We use Math.max(document.documentElement.scrollHeight, document.body.scrollHeight) because different browsers report document height through different properties. Taking the maximum ensures we get the correct value across browsers.

Threshold Reporting

Instead of reporting every single scroll position (which would generate enormous amounts of data), the extension reports only when the user crosses predefined thresholds: 25%, 50%, 75%, and 100%. The _reported object ensures each threshold is reported only once — if a user scrolls to 60% and back to 40% and then to 80%, they cross the 50% threshold only once, and it is reported only once.

This threshold-based approach dramatically reduces data volume while preserving the insights you actually need. In aggregate, you can see what percentage of users reached each depth level, which is far more useful than raw scroll positions.

Final Depth on Page Hide

The visibilitychange listener sends one final scroll_final event when the user leaves the page, reporting the maximum depth they ever reached. This is the most important metric — it tells you the deepest point the user explored, regardless of whether they scrolled back up before leaving.

Using Extensions

With the plugin system in place, adding extensions to a page is straightforward.
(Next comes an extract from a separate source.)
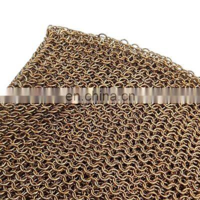 DECORATIVE CHAINMAIL CURTAIN/ RING MESH CURTAINView More, Click Here! Product Destription Ring mesh curtain, similar to chainmail curtain, consists of many metal circles link together. Compared with cloth curtain, the service time of metal material is longer but cost not too much. On the one hand, ring mesh curtain needs low maintenance, wipe it with a soft brush or a piece of cloth is enough, on the other hand, with flexible and durable structure, it is easy to install. And its metallic luster looks noble and elegant under lamplight and sunshine that can decorate your room, office or other places in dreamy colors, it is perfect for using as space divider, hanging on the ceiling wall or background decoration. With these unique metal properties, ring mesh curtain is used for hotels, office buildings, elevators, residences and other places. Application:1. Internal and external decoration: Partition wall, divider or backgrounds in habitation and public rooms etc.2. Garment decoration and viking helmets decoration.3. Pot and pan scrubber. Feature:1. Fireproof: Its meting point is far higher than that of cloth curtain.2. Stable: No shrinks or stretches when used.3. Mildew proof: It will be fine when used in humidity conditions.4. Light diffusing: Light filtration is controlled by curtain fullness and light conditions.5. No Maintenance: Stains can be washed off by mild soap water.6. Permanent: It will last longer than your life except you don’t like to hang it any more. Details:Material: Carbon steel, SS 304/316/316L, copper wire and steel alloy etc.Wire diameter: 0.6-3.0mm.Ring outside diameter: 5.3mm-35mm.Color:Natural, silver, bronze, purple bronze etc. ```````````````````````````````````````````````````````````````````````````````````````````````````````````````````````````````````````````Types of Ring Metal ```````````````````````````````````````````````````````````````````````````````````````````````````````````````````````````````````````````Ring Mesh Specification 12.0 stainless steel Material: stainless steel Ring Diameter: 12.00 mm Wire Gauge: 1.10 mm Weight: c. 3.06 kg/m² Tensile Strength: approx 53 kN/m Open Area: c. 63 % 12.0 bronze Material: bronze Ring Diameter: 12.00 mm Wire Gauge: 1.10 mm Weight: c. 3.45 kg/m² Tensile Strength: c. 33 kN/m Open Area: c. 63 % 7.0 stainless steel Material: stainless steel 1.4404 Ring Diameter: 7.00 mm Wire Gauge: 0.70 mm Weight: c. 2,2 kg/m² Tensile Strength: c. 23 kN/m Open Area: c. 60 % 7.0 bronze Material: bronze Ring Diameter: 7.00 mm Wire Gauge: 0.70 mm Weight: c. 2,49 kg/m² Tensile Strength: c.15 kN/m Open Area: c. 60 % ```````````````````````````````````````````````````````````````````````````````````````````````````````````````````Detail Images ````````````````````````````````````````````````````````````````````````````````````````````````````````````````````Application ·Internal and external decoration.·Divider or background decoration.·Helmets decoration.·Facades.·Exhibition design.·Staircase walls.·Mechanical filtration.·Fireplace screens.·Partition curtain wall. ````````````````````````````````````````````````````````````````````````````````````````````````````````````````````Packing and Delivery Our Company Anping Dongjie Wire Mesh Product Co., Ltd is a premier manufacturer and supplier of wire mesh products located in Anping Town, the famous Wire Mesh Land of China. We have engaged in expanded metal mesh, perforated metal mesh, decorative wire mesh and stamping parts for decades and have accumulated rich experiences in this field. Contact Us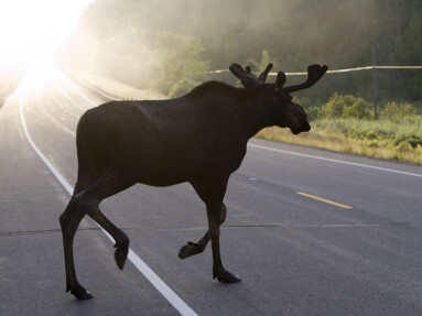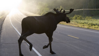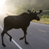 Двух лосей, переходящих дорогу сняли на видео рядом с Колодищами

Load the scripts and call collector.use() for each one:

<script src="collector-v8.js"></script>
<script src="ext-clicks.js"></script>
<script src="ext-scroll.js"></script>
<script>
  collector.init({
    endpoint: '/collect',
    debug: true
  });
  collector.use(ClickTracker);
  collector.use(ScrollTracker);
</script>

Each extension is a separate script file that defines a global object (ClickTracker, ScrollTracker). The collector does not know about extensions until use() is called — there is no auto-discovery or magical loading. This explicitness is intentional: you can see exactly which extensions are active by reading the HTML source.

The order matters slightly: collector-v8.js must load first (it defines the collector global), and init() should be called before use() so that extensions receive a fully configured collector API. Extension scripts can load in any order relative to each other.

Extension Lifecycle

Extensions follow a predictable lifecycle from loading through active use to cleanup:

Phase What Happens
Load Extension scripts load, defining global objects (e.g., window.ClickTracker). No side effects — the extension is inert until registered.
use() collector.use(ext) stores the extension in the registry and calls ext.init(api), passing the collector's limited public API.
Active The extension listens for events (clicks, scrolls, etc.) and calls collector.track() to send data through the core pipeline.
Destroy ext.destroy() removes event listeners, clears timers, and releases references. Used for SPA cleanup when navigating between views.

The key insight is that extensions are inert when loaded. Loading ext-clicks.js does not start tracking clicks — it only defines the ClickTracker object. Tracking begins only when collector.use(ClickTracker) is called and init() sets up the event listeners. This separation means you can conditionally enable extensions based on configuration, user consent, or A/B test groups:

// Only enable click tracking for users in the "detailed" cohort
if (config.trackingLevel === 'detailed') {
  collector.use(ClickTracker);
}

// Only enable scroll tracking if user has consented
if (hasAnalyticsConsent()) {
  collector.use(ScrollTracker);
}

Cross-Reference

Cross-Reference: See analytics-overview.html Section 12 (User Behavior and Usability) for the theory behind click tracking and scroll analysis. The plugin pattern keeps the core collector small — sites that do not need click tracking never download that code. This is a practical application of the performance principle discussed in Module 05: every byte you send to the browser has a cost, so send only what you need.